Yosef (Yossi) Sarid was born in Rehovot in 1940, the son of Yaakov and Doba Sznajder. His father, a onetime director general of the education and culture ministry, changed his name to Sarid, which means “remnant” in Hebrew, because he was the sole survivor of his family, having lost all his close relatives in the Holocaust.

Yosef Sarid served in the artillery corps and as a military correspondent during his national service in the Israeli Defence Forces.

He later gained an MA in political science from the New School for Social Research in New York. Returning to Israel, he worked as a media aide to prime minister Levi Eshkol, of the left-wing Mapai party, which later merged into the Israeli Labor party.

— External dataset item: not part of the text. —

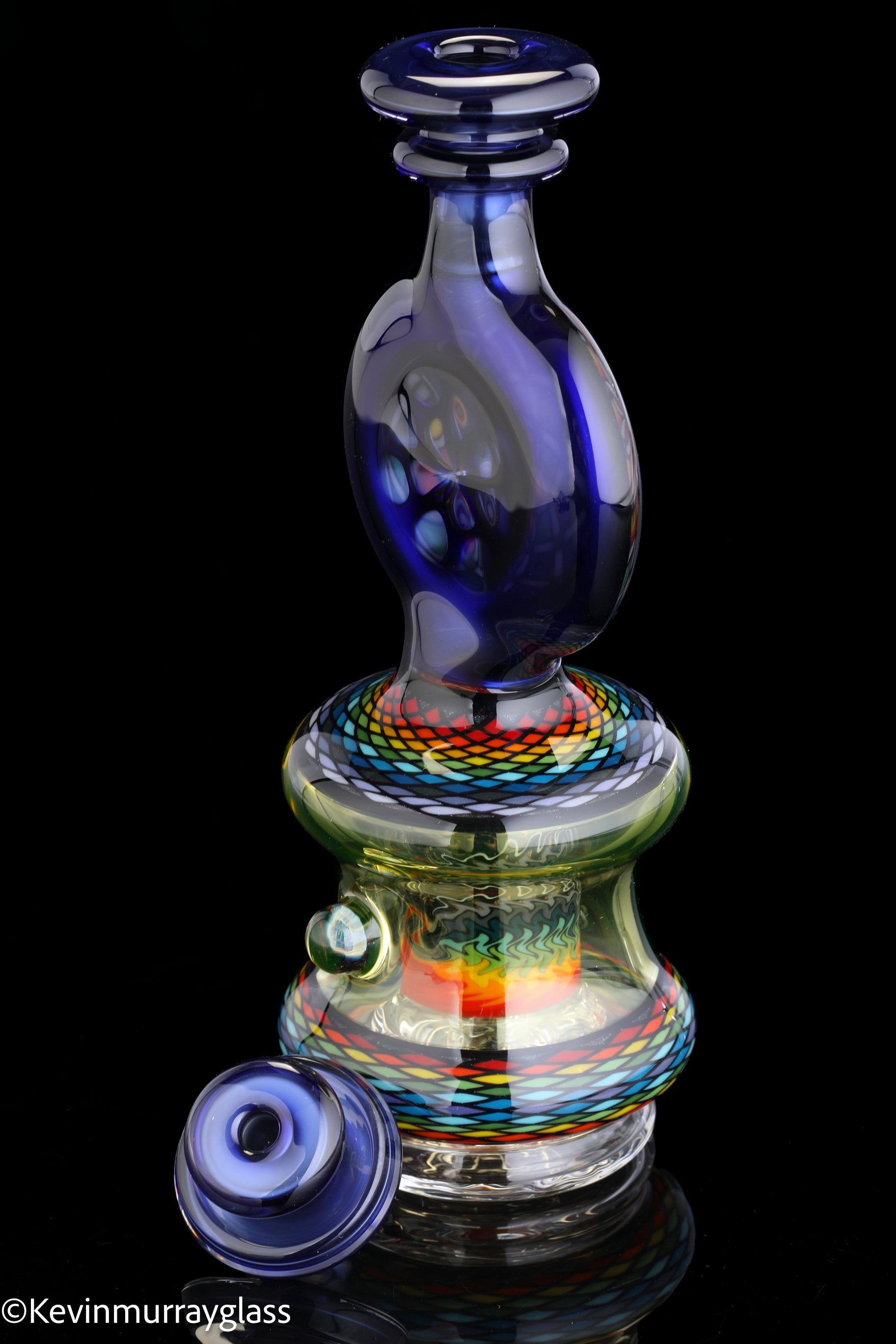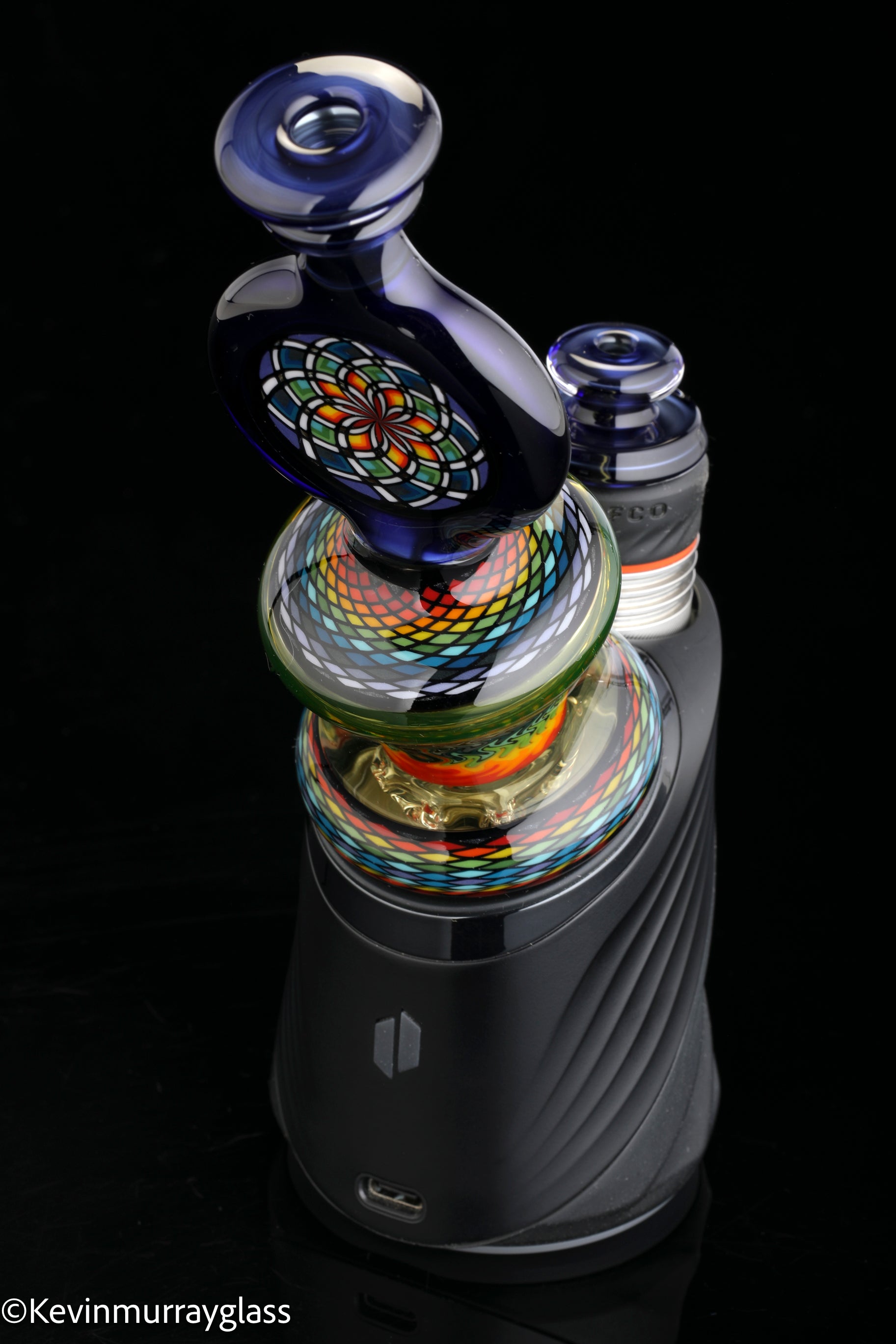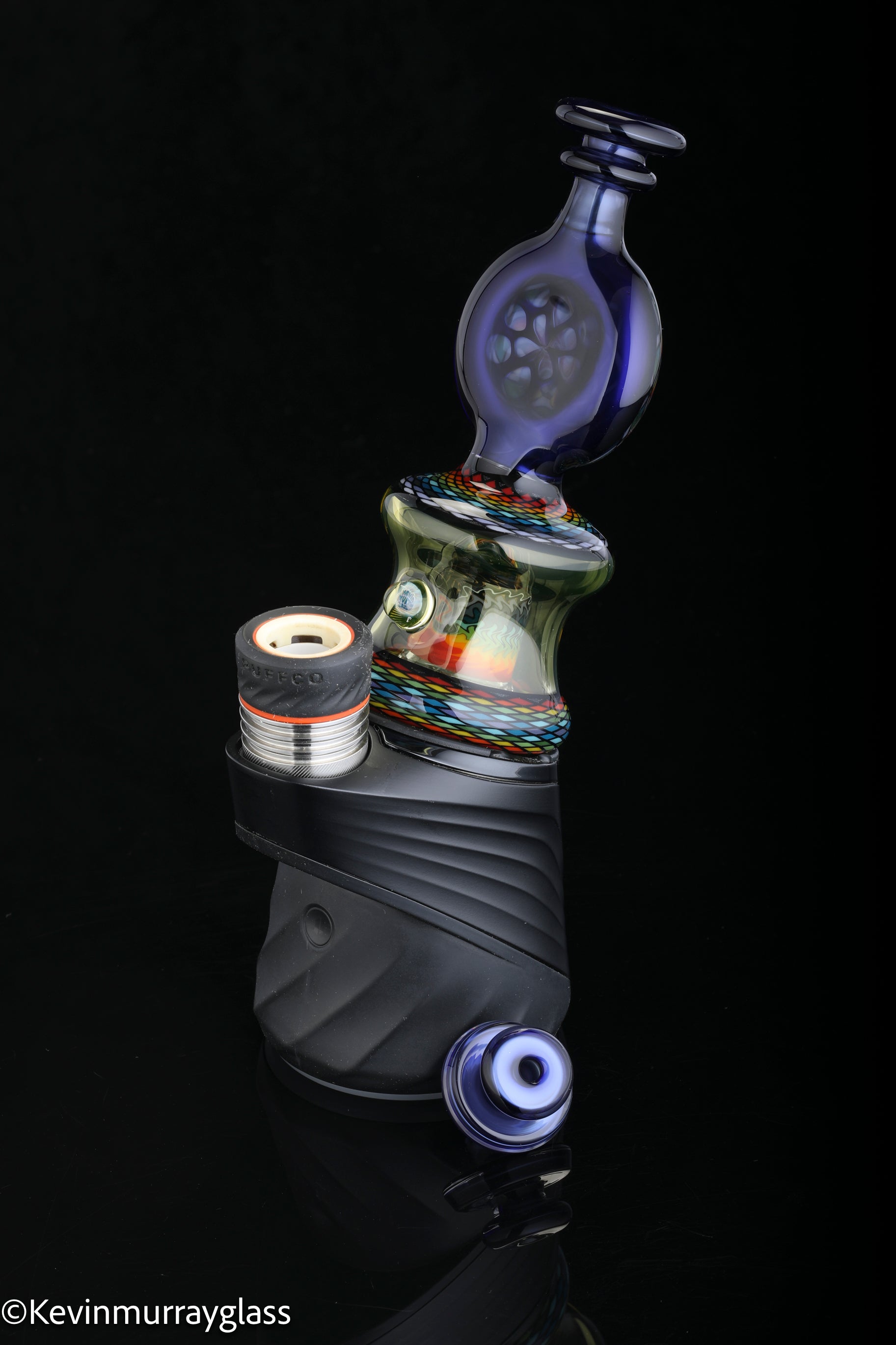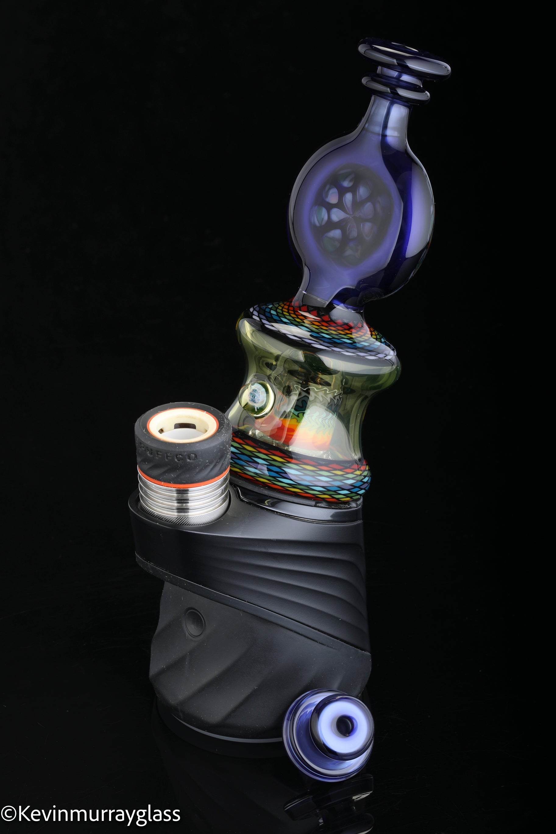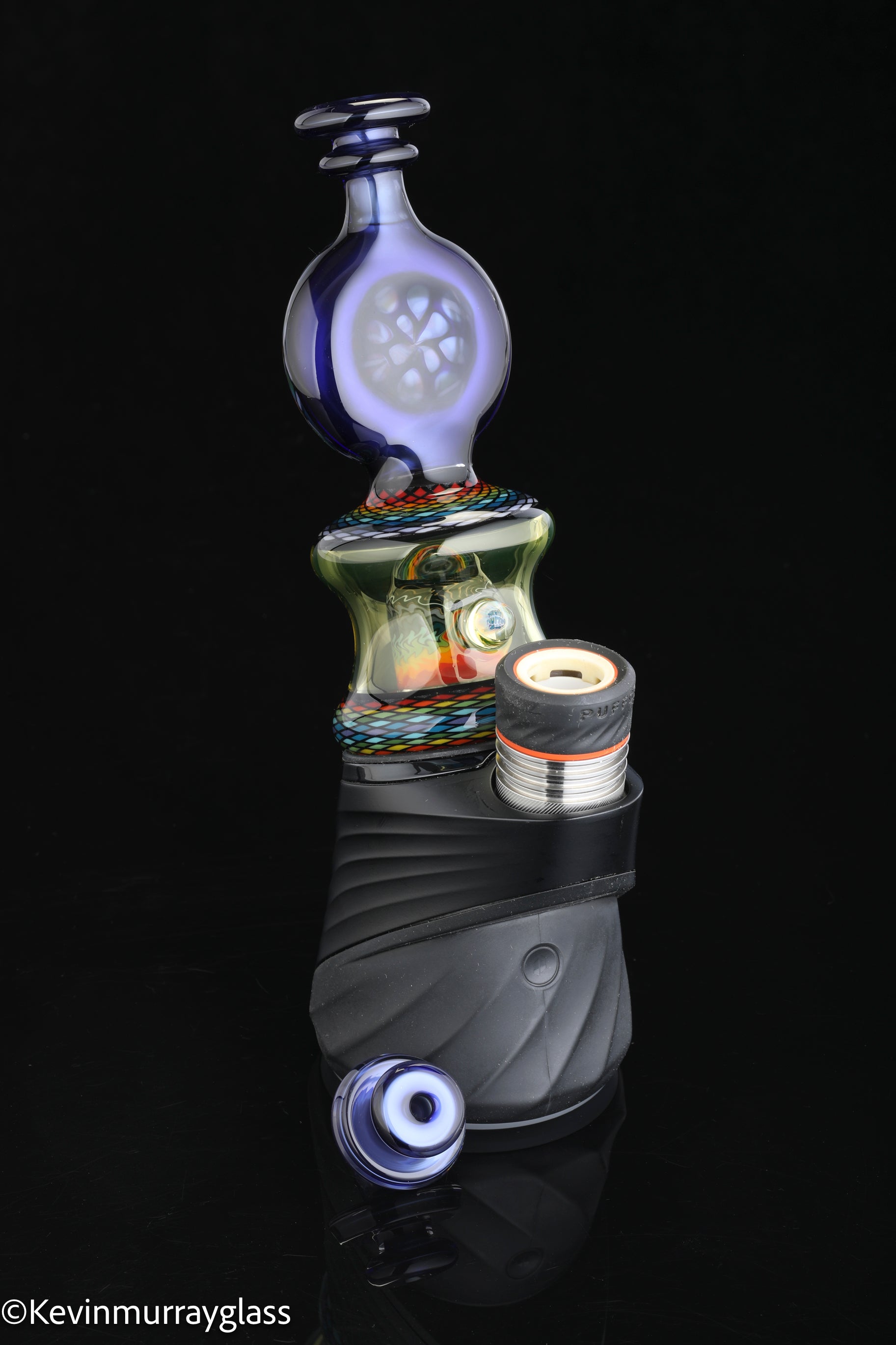 Hand made glass top for your puffco peak. Hand drawn fillacello sections with "candy cobalt blue" and uv reactive citrine sections. Three hole perk and a clear bottom to let the puffco led lights shine through. Includes matching spinner cap and apache 1800 hard case.

He was first elected to the Knesset in 1973 on the Alignment list and was re-elected in 1977, 1981 and 1984. After the Alignment agreed to join a government with the right-wing Likud party in 1984, Sarid left the party to join a formation known as Ratz, which in 1992 joined with two other small groups to form Meretz.

Appointed minister

The new party won 12 seats in the elections that year and joined Yitzhak Rabin’s coalition. Sarid was appointed minister of the environment, a position he kept when

Shimon Peres

formed a new government after Rabin’s assassination in 1995.

In 1996, Sarid became Meretz leader. Although the Labor Party won the most seats in elections that year, Likud leader Binyamin Netanyahu won the special election for prime minister and formed a right-wing government.

In the 1999 elections, Meretz won 10 seats. Sarid had said he would not join a coalition that included the ultra-Orthodox Shas party, but Labor leader Ehud Barak persuaded him to go back on that position. Sarid explained the breaking of his undertaking as a necessary compromise to promote the peace process. However, in 2000 he resigned from the government and Meretz quit the coalition.

Newspaper column

In the 2003 elections Meretz was reduced to six seats, after which Sarid resigned as party leader, to be replaced by Yossi Beilin. He remained a member of the Knesset until the 2006 elections, when Meretz was reduced to five seats, after which he retired from politics. In retirement he wrote a weekly column for

Haaretz

newspaper.

Known for his determined moral stance and his willingness to pay the political price for that determination, Sarid was often referred to as Israel’s moral compass.

President Reuven Rivlin, a former Knesset speaker, communications minister and Likud deputy, described him as “one of the great parliamentarians and politicians of Israel, who was a tough and challenging adversary, who, though his criticism was sharp and painful, was regarded with great respect even by those who totally disagreed with him.”

Netanyahu called him “a unique voice in Israeli politics, an opinionated and acerbic individual”. Even though they disagreed on many issues, said Netanyahu, he appreciated Sarid’s loyalty to his chosen path, his broad education and his meticulous use of Hebrew as an orator and a writer.

The Meretz party’s current leader, Zehava Gal-on, called Sarid’s passing a tremendous loss for the country, as he had been a teacher and beacon of morality who loved Israel.

Not all judgments were so positive. Michael Ben-Ari, a former deputy for the far right National Union party, said: "His identification with the Arab enemy was perfect. I searched tonight for his statement against the brutal murderousness of Arabs, but found none. However, any retaliatory action of the IDF merited his poisonous article in his home newspaper Ha'aretz ..."

He is survived by his wife, Dorit, and three children.